I should refer to the fact that, although all of the 16 child patients were treated by Mr Rimmer personally, it appears that some were patients of other practices with which Mr Rimmer was involved who were referred to Mr Rimmer. There are, on the hard drives maintained by Mr Rimmer, documents relating to four patient databases. Two relate to his current two practices and the third belongs to a practice in Welling which Mr Rimmer owned previously before selling it to his colleague Mr Patel. These three databases contain up-to-date patient information because the Welling practice backs up to Mr Rimmer's hard drives, as do his databases from his two practices.
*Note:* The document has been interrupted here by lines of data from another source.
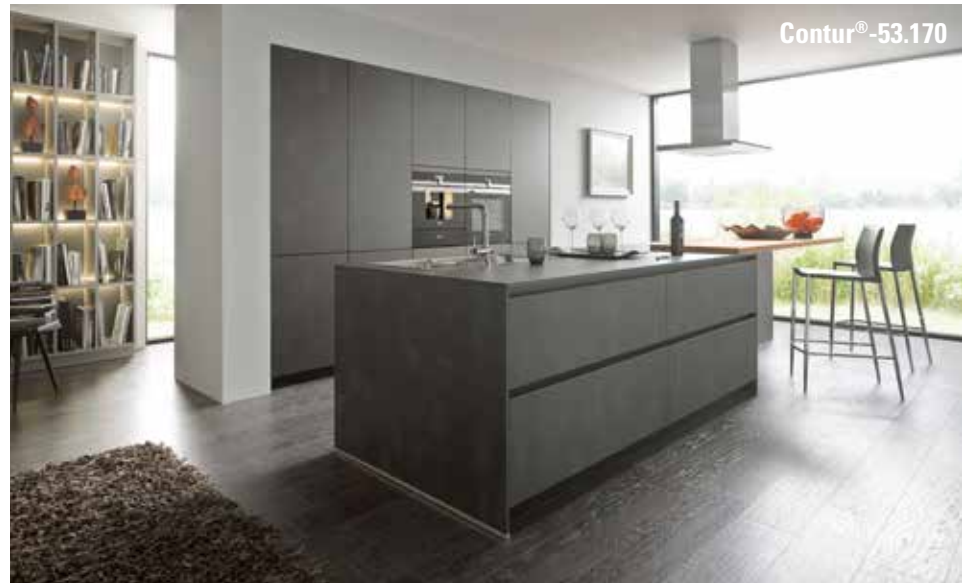
L587 Stahl dunkel Nachbildung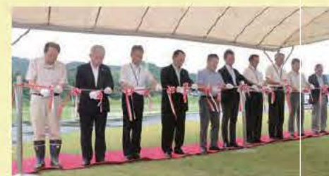
6月30日(日)に、関係者約50人が出席し、完成式典が行われました。

このバーベキュー広場は、市内の農林水産物の消費拡大や自然とのふれあいなどを目的に、国土交通省と市で整備しました。この夏は家族や友人と美しい川を眺めながら、バーベキューを楽しみませんか？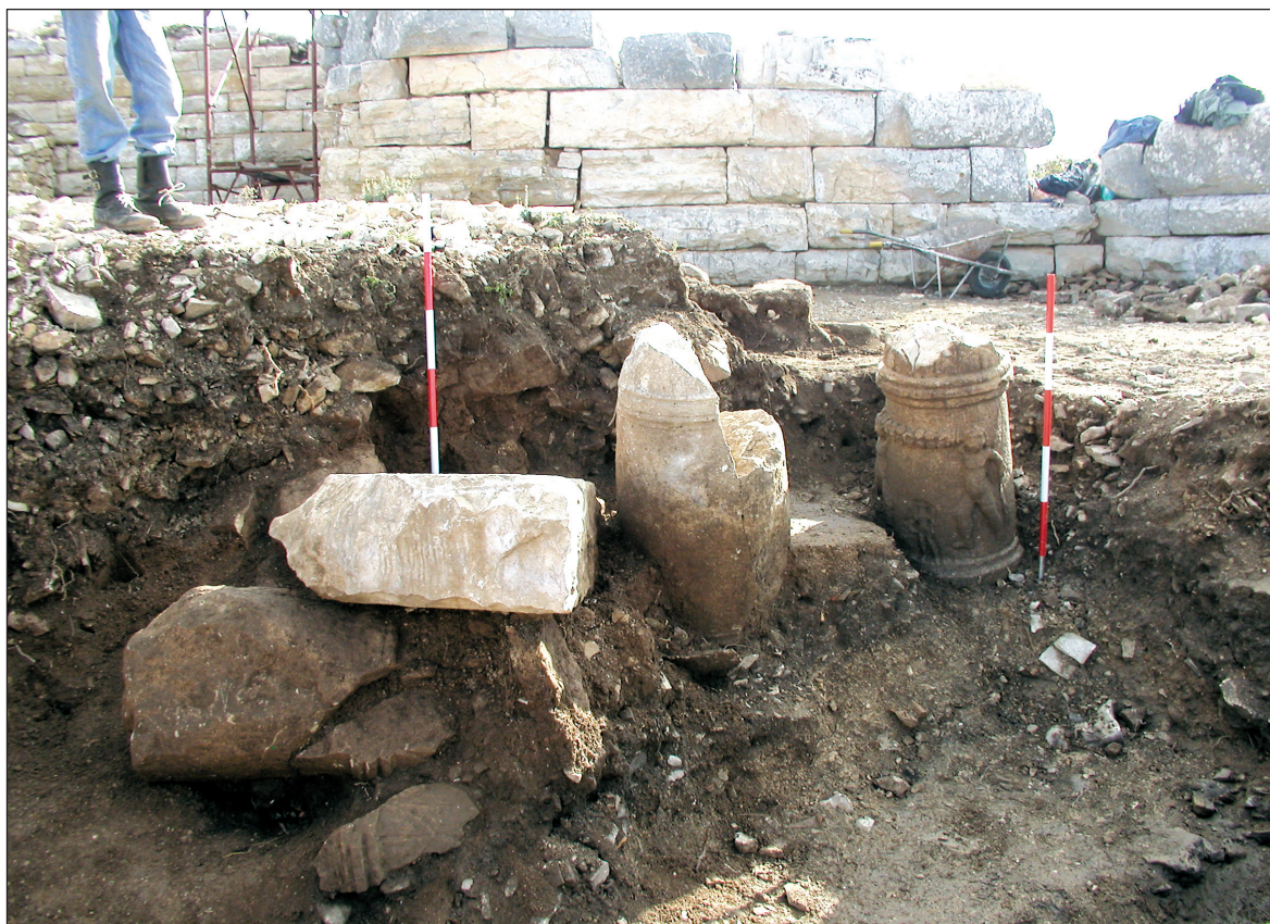
Sl. 4. Nalaz novih liburnskih nadgrobnih spomenika

Predstavlja li pojava likovnih prikaza na spomenutim aserijatskim cipusima neku posebitost u odnosu na ostale liburnske nadgrobne spomenike aserijatske skupine? Na to pi-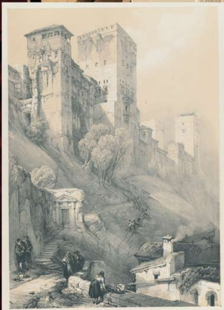
Fortaleza de la Alhambra. Granada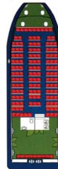
della stessa serie: Catamarano FOSCOLO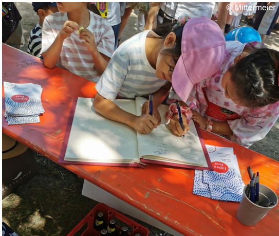
Abb. 9: Gästebuch am Japanfest

The fourth patient database belonged to a practice in Lowton which Mr Rimmer sold approximately seven years ago and the records on it are therefore at least approximately seven years old. The Lowton database has now been deleted from the hard drives. However, Mr Rimmer expects that a computer expert would be able to recover and view the information, notwithstanding its deletion.

18.

In these circumstances, an approach has been made to the persons now running these two practices in order to obtain their views as to the proposed disclosure of the information and the breach of confidentiality which may thereby be involved. They have also been approached in relation to the application made to this court. Those approaches were made by letters dated 1st April 2010. I am told that as yet no response has been received. I am satisfied that the same considerations apply in relation to the disclosure of the information in relation to those two practices as apply in relation to the disclosure of the information maintained by Mr Rimmer concerning his two current practices. For the same reasons, it is necessary that this information be disclosed to the limited extent proposed in the public interest.

19.

Accordingly, for all of these reasons, I consider that the public interest in the proper pursuit of these proceedings does justify and require the disclosure of the information to the extent proposed.

20.

I would like to add that this issue has been approached with great responsibility by both parties and I am very grateful for the assistance which both sides have provided to the court.

21.

MS GREY: My Lord, I am grateful. Perhaps we would email to your clerk a slightly amended version of the draft order for your signature, comprising those few changes discussed, and also, if your Lordship and my learned friend think it appropriate, referring to the undertaking offered by her in relation to a confidentiality agreement with her own expert. I am in your Lordship's hands on that matter.

22.

MR JUSTICE LLOYD JONES: Are you content with an undertaking?

23.

MS BRADLEY: My Lord, I have no objection to that. I just need to look at the terms of the order. As currently drafted, it does refer to the tripartite agreement, from recollection.

24.

MR JUSTICE LLOYD JONES: I think you could add an undertaking on behalf of the Mr Rimmer to enter into an agreement on similar terms with his expert.

25.

MS GREY: My Lord, the agreement provides for no order as to costs, so I do not think there is any further matter that I need to trouble you with.

26.

MR JUSTICE LLOYD JONES: Thank you very much. Anything further, Ms Bradley?

27.

MS BRADLEY: No, my Lord.

28.

MR JUSTICE LLOYD JONES: Thank you very much.